Hello Mike,

Nice idea to make a double glazing sundial.
I dont know of any program to do the job for you but here you will find a
solution to calculates such a dial.
The window can have any declination or inclination as you want.

At my web site ( address below ) you may find a method to compute flat
sundials.
( See the link at the site )
We need the main procedure of that method with some extra routines to solve
the problem.
For definitions and details look at my site.
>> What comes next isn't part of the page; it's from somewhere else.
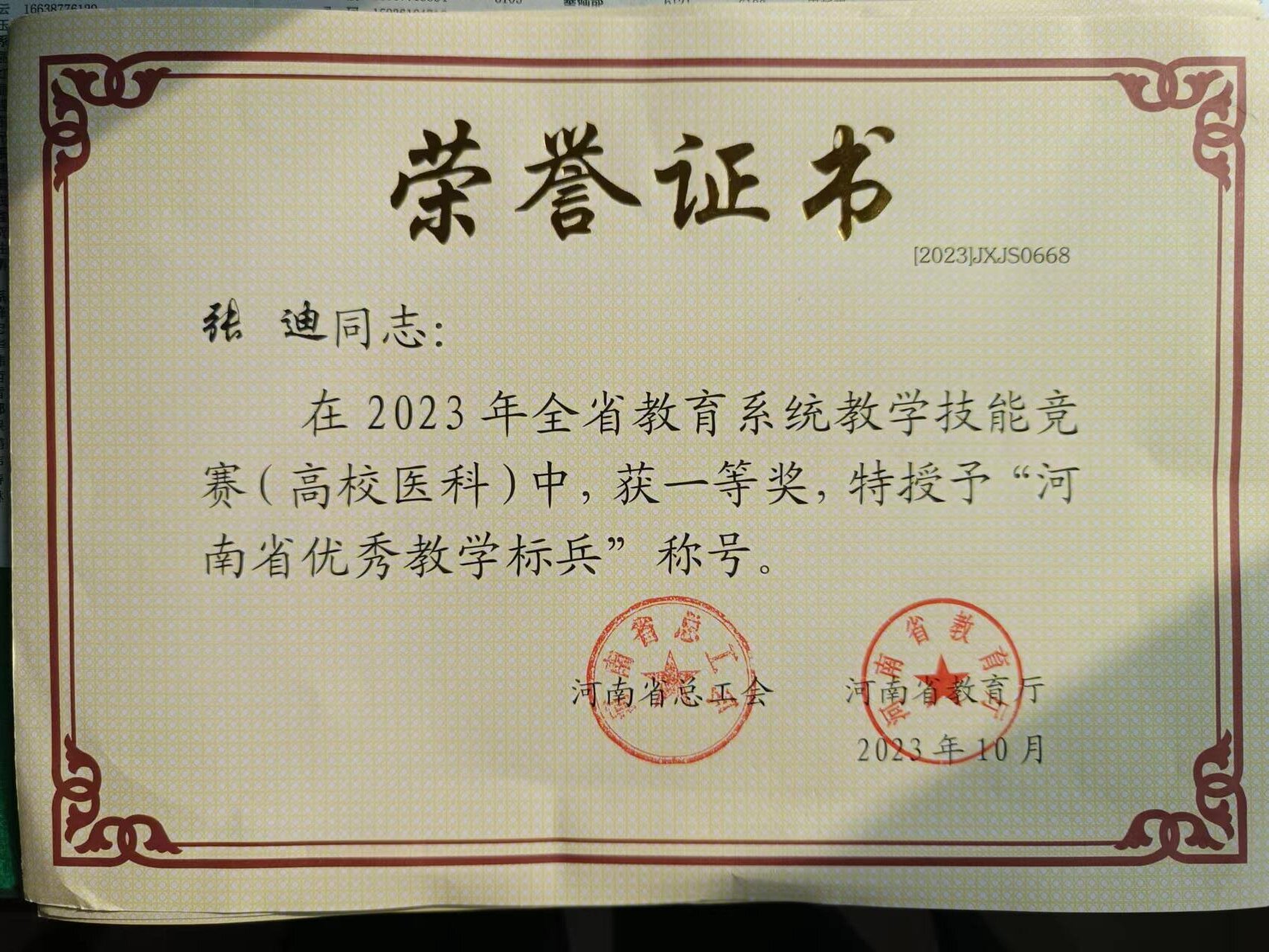 本网讯(文/校工会 程小果)近日,河南省总工会、河南省教育厅公布了《关于2023年河南省教学技能竞赛获奖情况的通报》(豫工文〔2023〕107号),我校康复医学系张迪老师获得高校医科类一等奖,体育教学部李俊杰老师获得高职文科综合类一等奖,两位老师均荣获“河南省优秀教学标兵”称号;卫生管理系蔡金伟老师获得高职文科综合类二等奖,公共教学部余悦老师获得高职文科综合类三等奖。

I suggest to place the shadow casting point at some distance from the
outside pane to get a larger dial on your inside pane.
That distance I call g1
If you don't want to do this just take g1 = 0

The thicknessof the outside pane is g2
The space between the two panes is g3
The thickness of the inside pane is g4

I assume:
 - the refraction index of glass is   ref   and equal for both panes.
 - the medium between the two panes acts like air with no extra refraction.
 - the panes are parallel.

Of course you have to declaire values for latitude phi and for the dial's
inclination and declination i and d.

Because (nearly) all the lines on the sundial will become curved, you need
to calculate a series of points  ( decl, t ) for each line.
decl is the sun's declination
t is the hourangle of the wanted point.

For each point    decl, t    do as is written below.

In decl, t

x0 = sin t . cos decl
y0 = cos t . cos decl
z0 = sin decl

R = 90 - phi
x1 = x0
y1 = y0 . cos R - z0 . sin R
z1 = y0 . sin R + z0 . cos R
if z1 < 0 point isn't real: sun is beneath the horizon.

R = d
x2 = x1 . cos R - y1 . sin R
y2 = x1 . sin R + y1 . cos R
z2 = z1

R = i
x3 = x2
y3 = y2 . cos R - z2 . sin R
z3 = y2 . sin R + z2 . cos R
if z3 <= 0 point isn't real: sun isn't above the dial.
These are the coordiantes of the sun relative to the window.

Add new routine
x4 = x3 / ref
y4 = y3 / ref
z4 = sqrt( 1 - x*x - y*y )     ( square root out of (...) )
These are the coordinates of the sun corrected with the refraction index
ref.

Now we have to calculate the shadowpoints on 4 sundials
xa = x3 . g1 / z3
ya = y3 . g1 / z3

xb = x4 . g2 / z4
yb = y4 . g2 / z4

xc = x3 . g3 / z3
yc = y3 . g3 / z3

xd = x4 . g4 / z4
yd = y4 . g4 / z4

The final coordinates of the point are
x = -( xa + xb + xc + xd )
y = ya + yb + yc + yd

The x value gets a minus sign because you will draw the pattern from the
opposite side as the gomon is.

Use the two tests inside the procedure to exclude irrelevant points.
Also exclude points that are very far away of your sundial.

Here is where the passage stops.